Antidepressants are commonly prescribed for depression. However, it has been reported that one in five patients don't pick up their prescriptions, and of those that do many fail to complete the full course. More than 60% of patients have adverse effects during treatment with a second generation antidepressant, and although most adverse effects are relatively minor (for example, constipation, diarrhoea and dizziness) they may contribute to the decision to stop taking them. Many patients prefer talking therapies, such as cognitive behavioural therapy – quoting concerns about side effects of drugs and the fear that they might become dependent on antidepressants.
To help inform the decision of drug versus talking therapy, this review set out to examine the benefits and harms of the two approaches to treatment.
What did this study do?
This was a systematic review and meta-analysis of 11 randomised controlled trials comparing a second generation antidepressant with cognitive behavioural therapy for the initial treatment of major depressive disorder in adults. Ten trials compared antidepressants with cognitive behavioural therapy alone, while three compared antidepressants with cognitive behavioural therapy plus antidepressants.
The antidepressants used were all second generation; fluoxetine, fluvoxamine, paroxetine, sertraline, venlafaxine, citalopram and escitalopram. Two trials were in primary care, the rest in outpatient settings. Four trials were in the United States, one was in England, and the remaining in Canada, Germany, Iran and Romania.

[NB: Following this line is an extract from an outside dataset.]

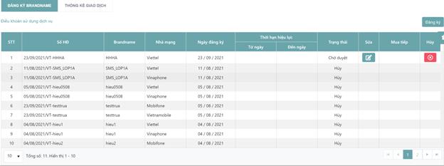 > Tab Đăng ký Brandname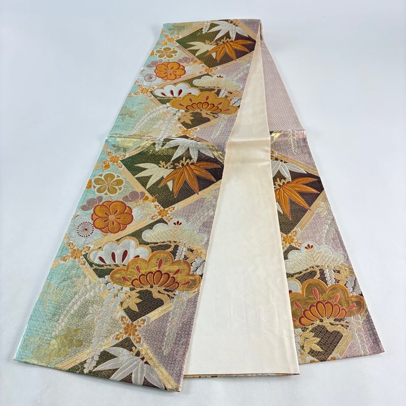 【着物ランク】秀品 【素材】正絹 【帯丈】約436cm 【帯幅】約30.5cm 【帯仕立て】仕立て上がり 【状態ランク】ランクB 【帯着用シーン】フォーマル(留袖・振袖・訪問着)

This was a high quality review. However, all but one of the included trials had medium to high risk of bias, often because of high drop-out rates. Confidence intervals (CI) for some outcomes were wide. Results therefore need to be interpreted with caution.
What did it find?
- There was no statistically significant difference in effectiveness between antidepressants and cognitive behavioural therapy for either treatment response (risk ratio [RR] 0.91, 95% CI 0.77 to 1.07, from a meta-analysis of five trials) or remission (RR 0.98, 95% CI 0.73 to 1.32, from a meta-analysis of three trials), as measured by changes in the Hamilton Rating Scale for Depression.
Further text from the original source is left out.